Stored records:
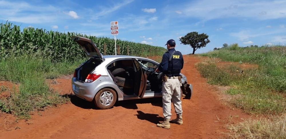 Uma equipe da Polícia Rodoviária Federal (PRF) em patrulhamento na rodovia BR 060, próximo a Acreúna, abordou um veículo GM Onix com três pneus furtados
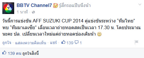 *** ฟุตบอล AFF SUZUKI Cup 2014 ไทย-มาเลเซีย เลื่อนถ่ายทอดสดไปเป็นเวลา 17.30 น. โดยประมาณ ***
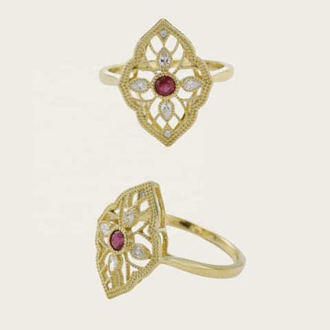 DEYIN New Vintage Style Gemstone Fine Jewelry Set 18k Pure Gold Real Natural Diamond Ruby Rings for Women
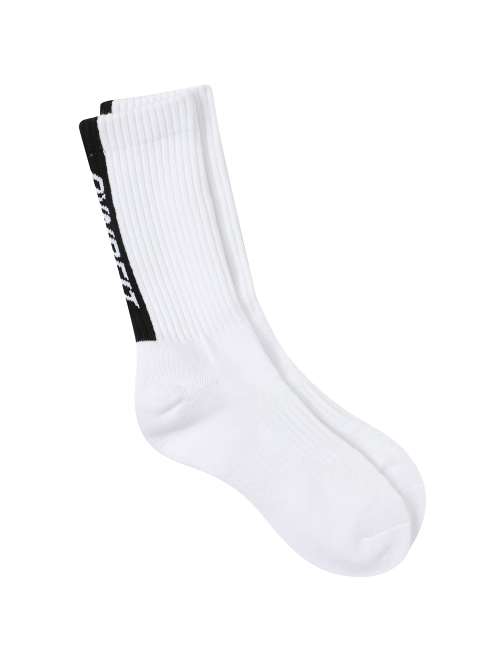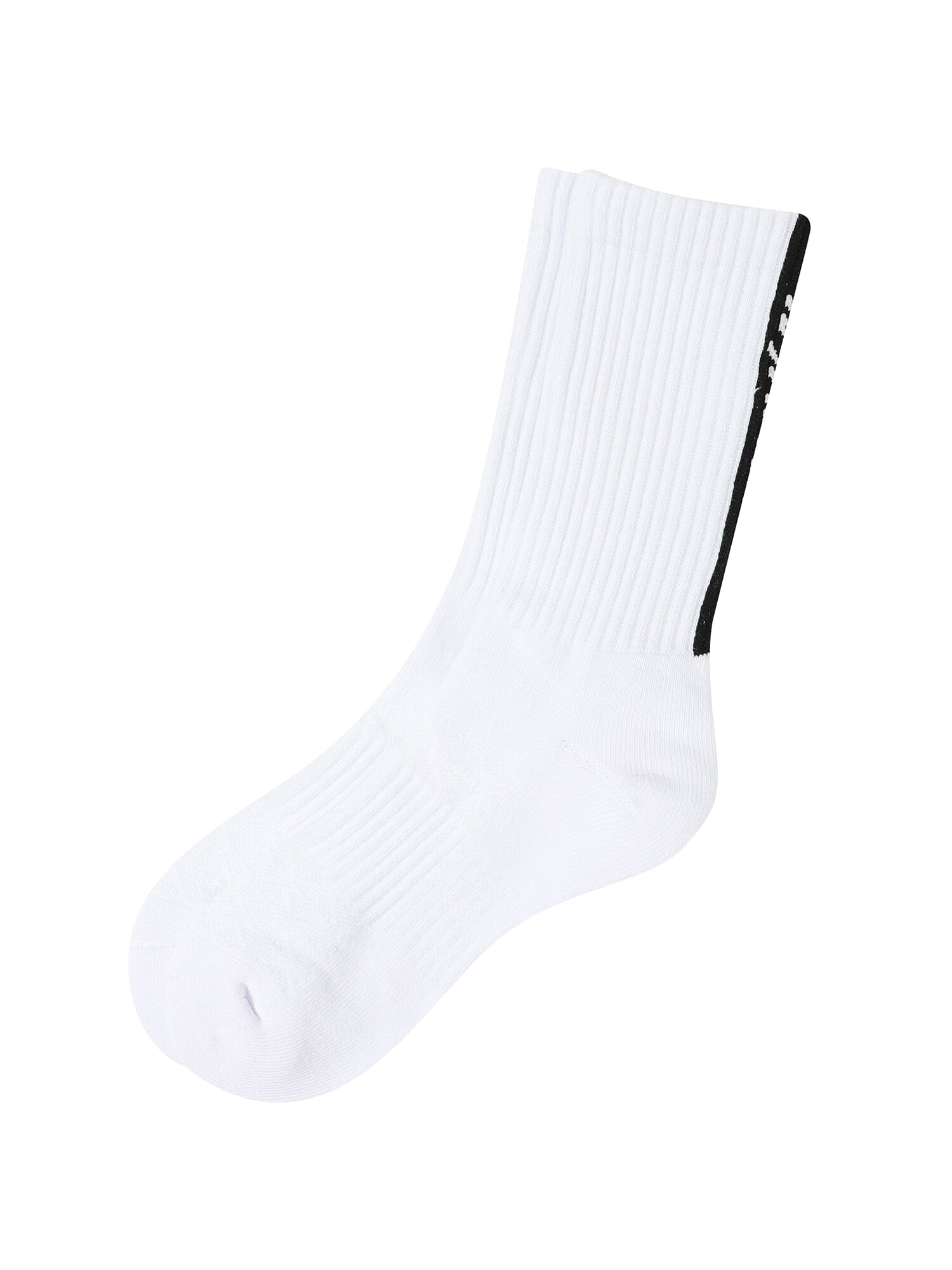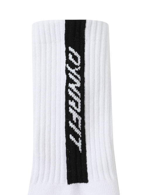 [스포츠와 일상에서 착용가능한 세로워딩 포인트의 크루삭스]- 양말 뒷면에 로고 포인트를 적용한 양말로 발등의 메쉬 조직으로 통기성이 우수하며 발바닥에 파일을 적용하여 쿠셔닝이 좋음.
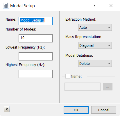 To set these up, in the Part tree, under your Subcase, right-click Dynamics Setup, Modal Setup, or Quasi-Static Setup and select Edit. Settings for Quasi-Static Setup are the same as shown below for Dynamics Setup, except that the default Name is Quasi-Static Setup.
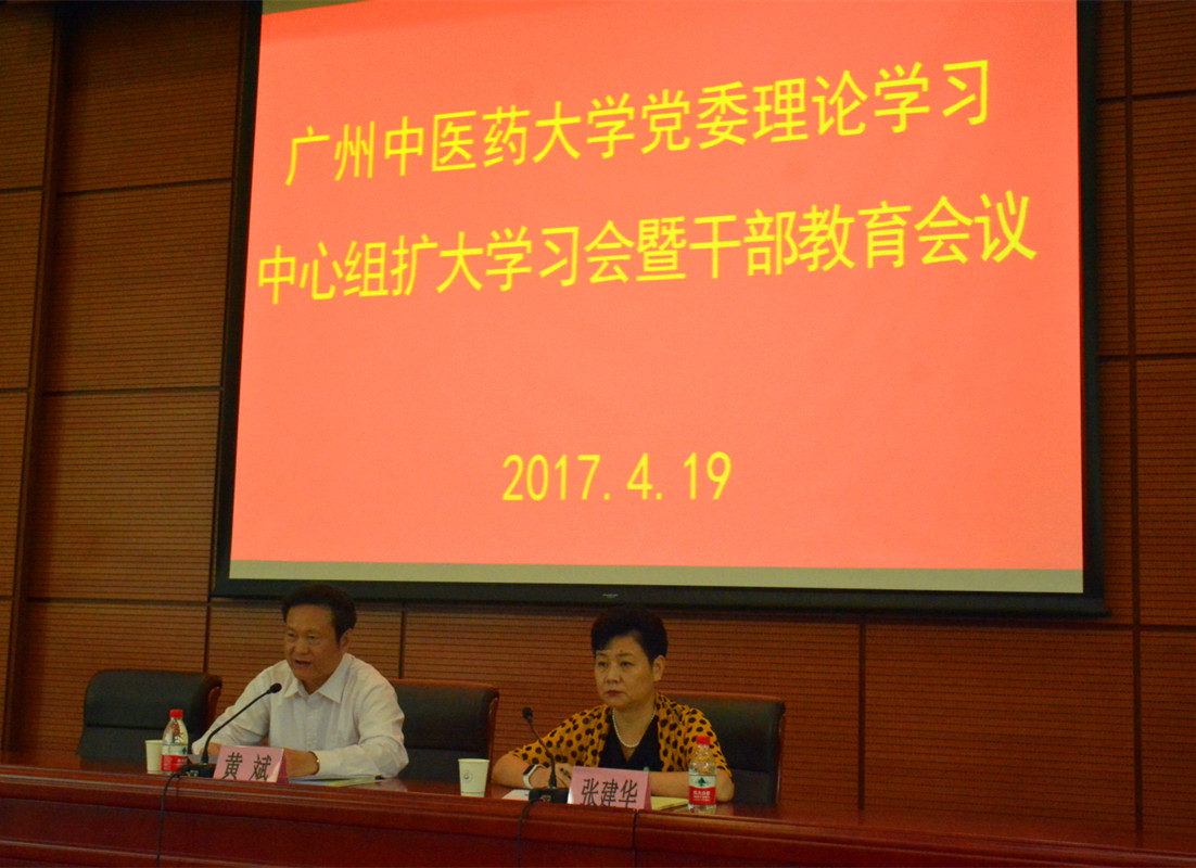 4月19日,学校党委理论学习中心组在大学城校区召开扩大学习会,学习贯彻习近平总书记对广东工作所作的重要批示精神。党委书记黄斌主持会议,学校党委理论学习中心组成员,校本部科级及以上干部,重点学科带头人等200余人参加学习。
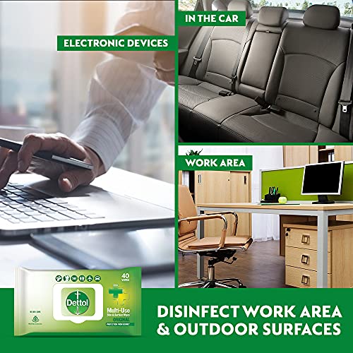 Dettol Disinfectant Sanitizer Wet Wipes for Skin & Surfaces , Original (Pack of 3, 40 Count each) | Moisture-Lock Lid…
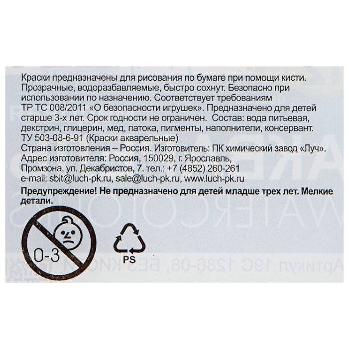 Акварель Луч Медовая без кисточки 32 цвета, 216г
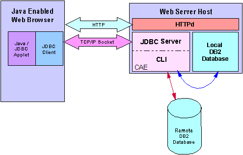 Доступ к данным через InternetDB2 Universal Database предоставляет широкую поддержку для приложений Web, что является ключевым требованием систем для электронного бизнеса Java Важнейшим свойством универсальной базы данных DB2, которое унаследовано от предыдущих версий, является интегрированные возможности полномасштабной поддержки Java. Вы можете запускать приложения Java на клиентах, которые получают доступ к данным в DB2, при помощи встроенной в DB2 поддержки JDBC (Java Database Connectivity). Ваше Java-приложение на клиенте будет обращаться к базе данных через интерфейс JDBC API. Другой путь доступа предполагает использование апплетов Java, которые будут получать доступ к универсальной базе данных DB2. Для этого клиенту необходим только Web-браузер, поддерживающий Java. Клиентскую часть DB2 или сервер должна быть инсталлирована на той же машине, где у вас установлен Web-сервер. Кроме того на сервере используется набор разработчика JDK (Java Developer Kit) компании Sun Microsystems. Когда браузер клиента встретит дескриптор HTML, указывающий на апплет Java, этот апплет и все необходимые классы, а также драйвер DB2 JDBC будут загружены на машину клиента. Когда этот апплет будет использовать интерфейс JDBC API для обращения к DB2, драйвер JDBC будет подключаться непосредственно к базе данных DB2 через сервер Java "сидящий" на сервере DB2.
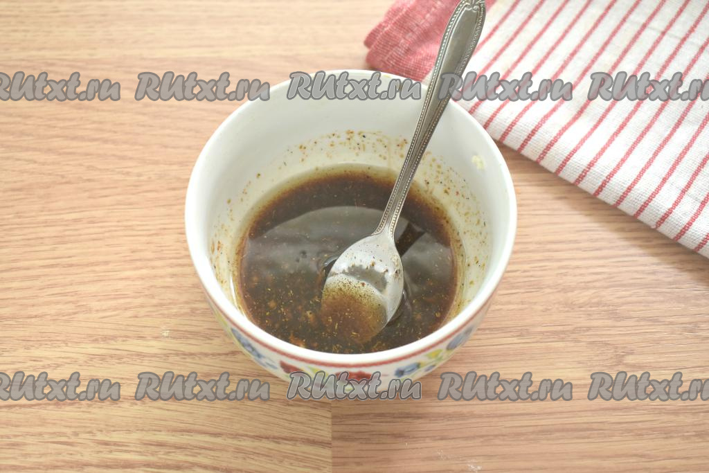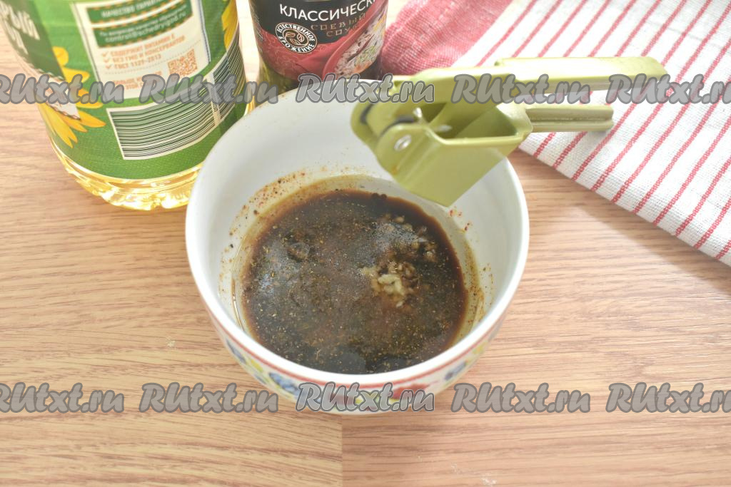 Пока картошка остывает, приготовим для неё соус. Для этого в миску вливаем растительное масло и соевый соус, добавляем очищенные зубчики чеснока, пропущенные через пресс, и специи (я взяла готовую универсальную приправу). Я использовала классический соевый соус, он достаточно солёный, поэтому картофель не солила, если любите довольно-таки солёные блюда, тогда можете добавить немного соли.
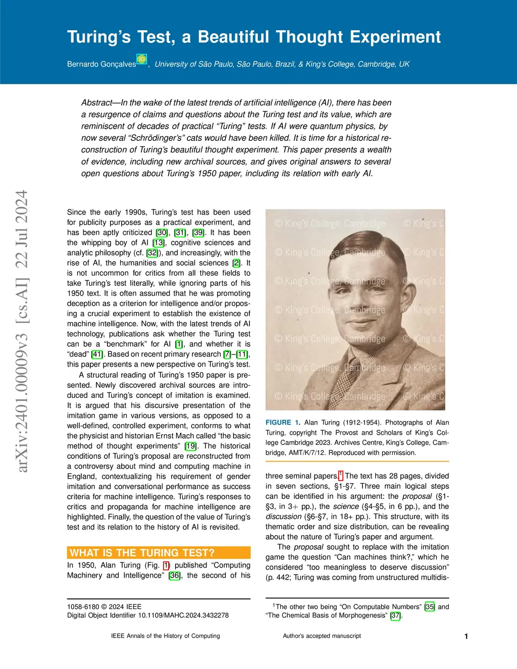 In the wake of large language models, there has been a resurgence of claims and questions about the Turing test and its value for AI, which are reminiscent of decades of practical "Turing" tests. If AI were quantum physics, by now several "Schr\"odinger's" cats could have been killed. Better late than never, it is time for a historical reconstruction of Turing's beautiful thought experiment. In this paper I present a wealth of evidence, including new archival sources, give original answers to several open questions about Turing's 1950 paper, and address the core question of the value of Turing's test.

§ REQUIREMENT
Start with the line above containing "Dettol Disinfectant Sanitizer" and end with the line containing "Акварель Луч Медовая". Set down that stretch exactly, without any pictures.

§ SOLUTION
 Dettol Disinfectant Sanitizer Wet Wipes for Skin & Surfaces , Original (Pack of 3, 40 Count each) | Moisture-Lock Lid…
 Акварель Луч Медовая без кисточки 32 цвета, 216г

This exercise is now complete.